Gradient descent is an optimization procedure where we start with an initial estimate for our parameters, \(\theta^{(0)}\). We then repeatedly apply the following update to get \(\theta^{(1)}, \theta^{(2)}, \ldots\):

\[ \theta^{(t+1)} = \theta^{(t)} - \alpha \nabla_\theta \ell(\theta^{(t)}, y) \]

Here, \(\alpha\) is a learning rate (typically a small positive number, also sometimes called a step size), and \(y\) is the data we observed. In stochastic gradient descent, instead of computing the gradient using all of our data, we divide our data into batches, and at each iteration, compute the gradient on one batch in sequence.

This means that we must compute the gradient at every single iteration. So, anything we can do to compute gradients faster and more efficiently will make our entire optimization process faster and more efficient.

Gradients and Backpropagation#

Backpropagation is an algorithm for efficiently computing gradients by applying the chain rule in an order designed to avoid redundant computation. To see how it works, we’ll consider a very simple loss function of three variables. We’ll compute the gradient manually using the chain rule, and then we’ll see how backpropagation can do the same computation more efficiently.

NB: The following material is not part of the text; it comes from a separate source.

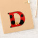 Magnífica letra D en un divertido patrón de manchas Ladybug con una flor amarilla dulce y un pequeño amigo de mariquita. Perfecto para personalizar una botella de agua o un ordenador o para regalar como un favor de fiesta de cumpleaños.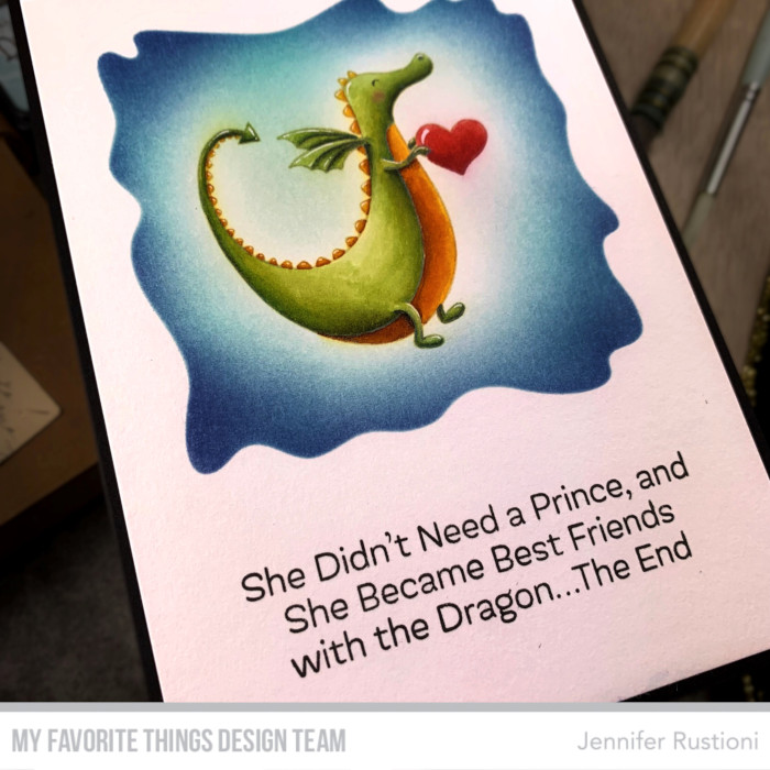 I matched the Dragon with a heart form the MFT Begging To See You Soon stamp set and stamped them with the MFT Natural Hybrid Ink Pad to have a no-line effect. I watercolored them with Distress Inks and then added the shadows with colored pencils.

Computing gradients with the chain rule#

Consider a very simple loss function involving three variables, \(a\), \(b\), and \(c\):

\[ L(a, b, c) = (a + 3b)c^2 \]

We can compute the partial derivatives with respect to \(a\), \(b\), and \(c\). To make it a little clearer when and where we’re using the chain rule, let \(q = a+3b\) and \(r = c^2\), so that \(L = qr\). The partial derivatives are:

\[\begin{split} \begin{align*} \frac{\partial L}{\partial a} &= \frac{\partial L}{\partial q}\cdot\frac{\partial q}{\partial a} = c^2 \cdot 1 \\ \frac{\partial L}{\partial b} &= \frac{\partial L}{\partial q}\cdot\frac{\partial q}{\partial b} = c^2 \cdot 3 \\ \frac{\partial L}{\partial c} &= \frac{\partial L}{\partial r}\cdot\frac{\partial r}{\partial c} = (a+3b) \cdot 2c \end{align*} \end{split}\]

Even in this simple example, we can see that there was some redundant work involved: in doing this computation, we needed to compute \(\frac{\partial L}{\partial q} = c^2\) twice. In a more complicated expression, especially one with many nested function calls, the redundant work would become much worse. Backpropagation gives us a way to compute these gradients more efficiently.

Backpropagation: an example#

Instead of representing the computation as an algebraic expression, let’s express it as a computation graph. This is a visual representation of the mathematical expression:

Given specific numerical values for \(a\), \(b\), and \(c\), backpropagation is an efficient way to compute the loss and the gradient (i.e., all the partial derivatives), with no redundant computation.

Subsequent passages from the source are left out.